▶ Dataset excerpt:
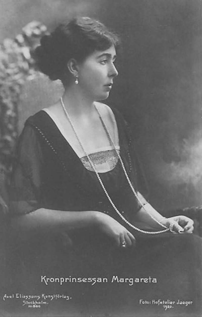 This is one of the last portraits of Margaret wearing her long pearl necklace. It was taken not long before her death in May 1920. Margaret’s daughter, 10-year-old Princess Ingrid of Sweden, inherited the necklace after her mother’s untimely passing.
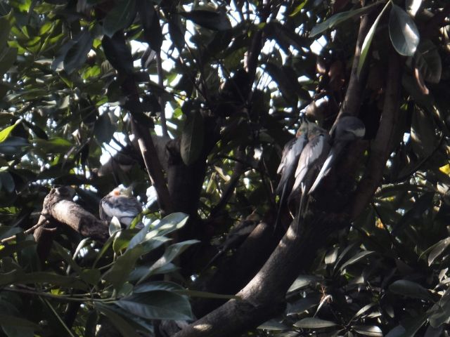 オカメインコも見つけました!樹の上で葉っぱに隠れるように休んでおり、見つけるのにとっても苦労しました・・・・!
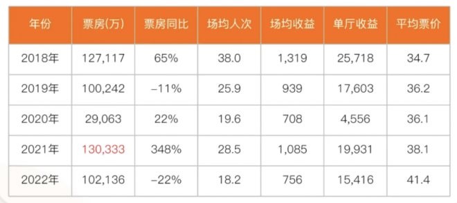 一個殘酷的現(xiàn)實是,雖然票價在上漲,但單個影院平均盈利能力還在下降。據(jù)拓普數(shù)據(jù),2021年電影銀幕數(shù)增長到8.2萬塊,電影總票房是472.58億,也就是說單塊銀幕一年僅分到57萬元收入。而在2018年、2019年,單塊銀幕可分到的收入分別為101萬元、91萬元,僅相較2019年,2021年就下降了37%。

▶ Work instruction: Only the lines from the top of the material above down to the line bearing "オカメインコも見つけました!", that line included, should be set down exactly; no pictures.

▶ Response to the task:
 This is one of the last portraits of Margaret wearing her long pearl necklace. It was taken not long before her death in May 1920. Margaret’s daughter, 10-year-old Princess Ingrid of Sweden, inherited the necklace after her mother’s untimely passing.
 オカメインコも見つけました!樹の上で葉っぱに隠れるように休んでおり、見つけるのにとっても苦労しました・・・・!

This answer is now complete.